Drug delivery of lipophilic pyrenyl derivatives by encapsulation in a water soluble metalla-cage

Abstract

The self-assembly of 2,4,6-tris(pyridin-4-yl)-1,3,5-triazine (tpt) triangular panels with p-cymene (p-PrⁱC₆H₄Me) ruthenium building blocks and 2,5-dioxydo-1,4-benzoquinonato (dobq) bridges, in the presence of a functionalised pyrenyl derivative (pyrene–R), affords the triangular prismatic host–guest compounds [(pyrene–R) ⊂ Ru₆(p-PrⁱC₆H₄Me)₆(tpt)₂(dobq)₃]⁶⁺ ([(pyrene–R) ⊂ 1]⁶⁺). The inclusion of eight mono-substituted pyrenyl derivatives including biologically relevant structures (a = 1-pyrenebutyric acid, b = 1-pyrenebutanol, c = 1-pyrenemethylamine, d = 1-pyrenemethylbutanoate, e = 1-(4,6-dichloro-1,3,5-triazin-2-yl)pyrene, f = N-hexadecylpyrene-1-sulfonamide, g = pyrenyl ethacrynic amide and h = 2-(pyren-1-ylmethylcarbamoyl) phenyl acetate), and a di-substituted pyrenyl derivative (i = 1,8-bis(3-methyl-butyn-1-yl-3-ol)pyrene), has been accomplished. The carceplex nature of these systems with the pyrenyl moiety being firmly encapsulated in the hydrophobic cavity of the cage with the functional groups pointing outwards was confirmed by NMR (¹H, 2D, DOSY) spectroscopy and electrospray ionization mass spectrometry (ESI-MS).

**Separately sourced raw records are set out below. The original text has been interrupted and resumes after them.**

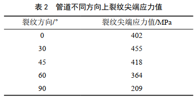 由表 2可知,隨著(zhù)裂紋方向與管道軸向方向夾角增大,裂紋尖端應力值先增大后減小。相同內壓下,同樣尺寸的周向裂紋尖端應力值遠小于軸向裂紋尖端應力值,約為軸向的一半。
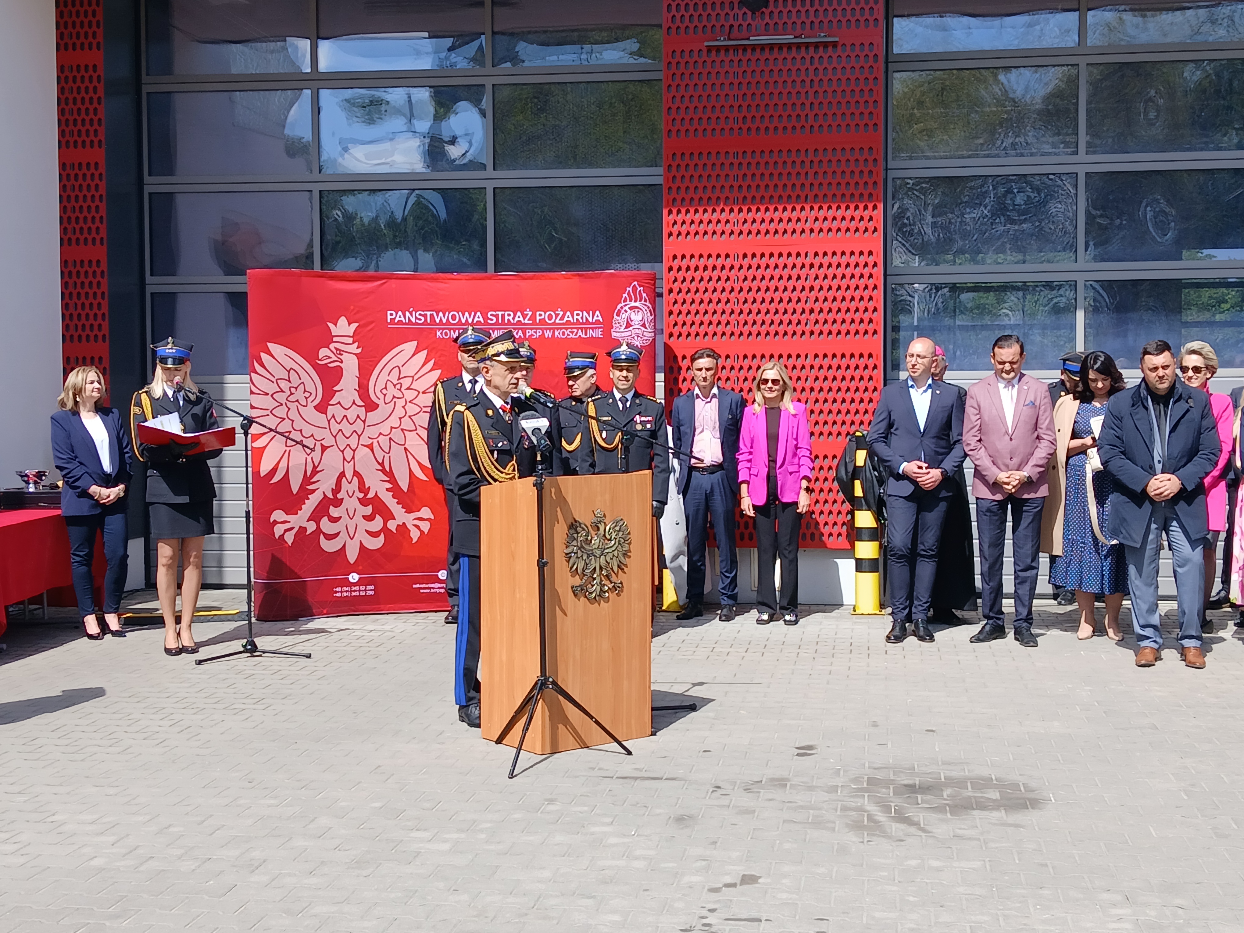 w Koszalinie, gdzie został złożony meldunek przez dowódcę uroczystości mł. bryg. Krzysztofa Gruchałę Zachodniopomorskiemu Komendantowi Wojewódzkiemu PSP. Następnie wprowadzono sztandar Komendy Miejskiej PSP w Koszalinie. Po odśpiewaniu hymnu państwowego Komendant Miejski PSP w Koszalinie st. bryg. Zygmunt Adamczyk przywitał przybyłych gości.
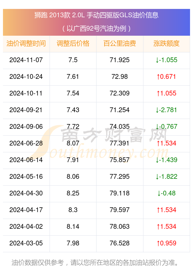 按11月7日92号汽油最新调整价格7.5元每升来计算(以广西为例),该车型百公里平均油费为71.925元,按上一轮10月24日调整价格7.61元每升来计算,百公里平均油费为72.98元,对比上一轮少花1.055元,下一轮油价调整时间为12月2日24时。
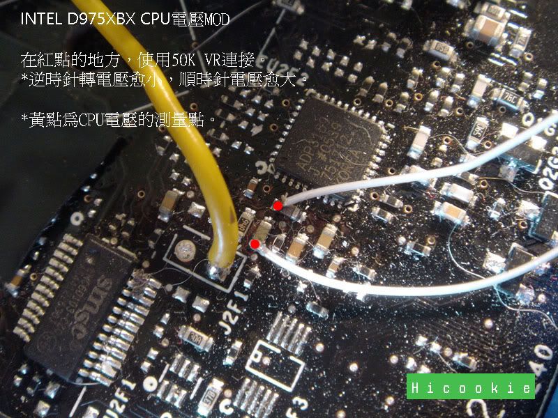 CPU電壓,BIOS原本最高為1.6v(實際為1.54v),透過下圖的MOD,可增加CPU的電壓。
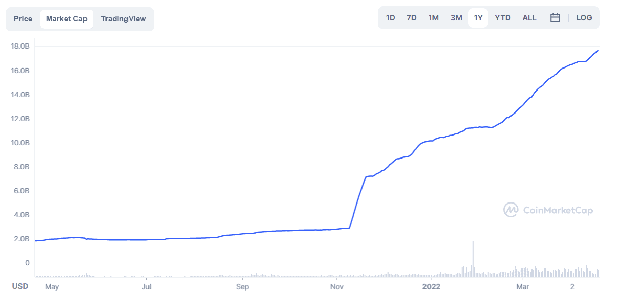 Když se podíváme na graf tržní kapitalizace TerraUSD, můžeme si všimnout, že zažila v posledních měsících ohromný růst – od poloviny listopadu se zvýšila o 525 %.
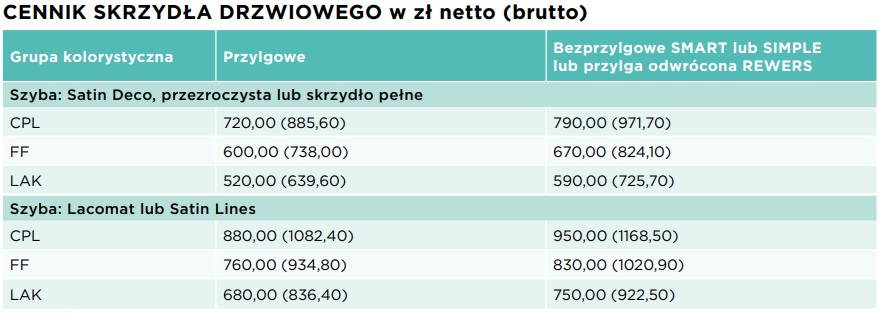 Dostępne opcje dodatkowe obejmują wypełnienie płytą pełną, trzeci zawias zwiększający wytrzymałość na obciążenia, krawędź soft (zaokrąglona, z obrzeżem wykładanym na powierzchnię skrzydła), podwójny ramiak drewniany oraz felc 20 mm. Ponadto, można zamówić drzwi w niestandardowych rozmiarach, w systemie dwuskrzydłowym lub przesuwnym, z technologią bezprzylgową SIMPLE, drzwi dwukolorowe, system Contrast, system rewersyjny, wzmocnienie pod samozamykacz oraz różne opcje wentylacji (podcięcie, tuleje lub kratka). Dodatkowo dostępna jest uszczelka opadająca.

The cytotoxicities of these water-soluble compounds have been established using human ovarian A2780 cancer cells. All the host–guest systems are more cytotoxic than the empty cage itself [1][CF₃SO₃]₆ (IC₅₀ = 23 μM), the most active carceplex [f ⊂ 1][CF₃SO₃]₆ is an order of magnitude more cytotoxic.